The federal government is set to conduct a series of cyber war games with local critical infrastructure firms to test their responses to potentially devastating cyber attacks.
These exercises examining how critical infrastructure operators in Australia would respond to a cyberattack will be run by the federal government over the coming months with companies from the financial sector, banking world, aviation sector and other major industries.
It comes after a series of large-scale data breaches in Australia which have impacted tens of millions of people.
Most recently, Latitude Financial was impacted by a breach which saw the personal information, including passport and Medicare numbers, of 14 million customers stolen.
The government has begun a series of exercises with companies that are important to the functioning of the Australian economy, Home Affairs Minister Clare O’Neil said.
“We’re conducting exercises where we play through what it would look like to have a major bank, for example, come down in a cyber attack,” O’Neil said, as The Sydney Morning Herald reported.
“How would government work with that company to get services back online? If one of our big four banks is down, who can assist in providing services to those customers? How can we make sure the country continues to function properly while we solve the problem?”
The first of these three-hour tabletop exercises was run with representatives from the Reserve Bank of Australia, Australian Prudential Regulation Authority, Australian Securities and Investments Commission, and the Australian Federal Police.
It investigated the response to a cyber breach involving the stealing of highly sensitive information and the encryption of networks.
O’Neil warned of the significant impact of such a breach occurring in reality.
“The groups that are conducting cyber attacks are becoming more professionalised, industrialised, powerful and effective,” she said.
“[Data breaches are] real and consequential…but when you think about the impacts of the failure of a major hospital, the interruption of a traffic network or serious disruption of our banking system, the impacts can get much worse.
“Consider what damage could be caused if attackers intentionally try to degrade trust in a major system we depend on like telecommunications or banking. We need to plan for utilities to go down, for hospital systems to be under attack.”
In a speech last week, the Home Affairs Minister said the recent hacks of Optus and Medibank are “the tip of the iceberg”.
“If every business is a target, every Australian is at risk,” O’Neil said last week.
“And the government response needs to be significant. That means our national choices, our economic prosperity, our peace of mind as citizens and as a nation, are directly threatened by these groups.
“This impact to our sovereignty and way of life is why ransomware threat actors are a core national security challenge for Australia.”
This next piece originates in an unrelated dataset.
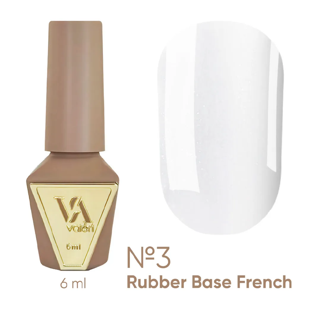Valeri Rubber Base French №3 — це щільна каучукова база середньої густоти з елегантним молочним відтінком і делікатним золотим мікрошиммером. Вона чудово вирівнює нігтьову пластину, маскує нерівності та створює бездоганну архітектуру нігтя з природним сяйвом.

It was recently revealed that the cyber attack on Latitude Financial had resulted in the breach of the personal information of 14 million customers in Australia and New Zealand, with passport and Medicare numbers caught up.
This came after the cyber attacks on Optus and Medibank late last year, which impacted 9.8 million and 9.7 million Australians respectively.
The federal government is currently working on a revamped cyber security strategy, which will run to 2030.
A government-appointed expert advisory group put forward a number of proposals for this strategy recently to address Australia’s “patchwork” cyber policies, including an expansion of the critical infrastructure scheme and a new Cyber Security Act.
O’Neil also recently announced the creation of a new National Office for Cyber Security within the Department of Home Affairs, to be led by a national cyber coordinator to act as the “spine and strategy” for responding to future cyber attacks.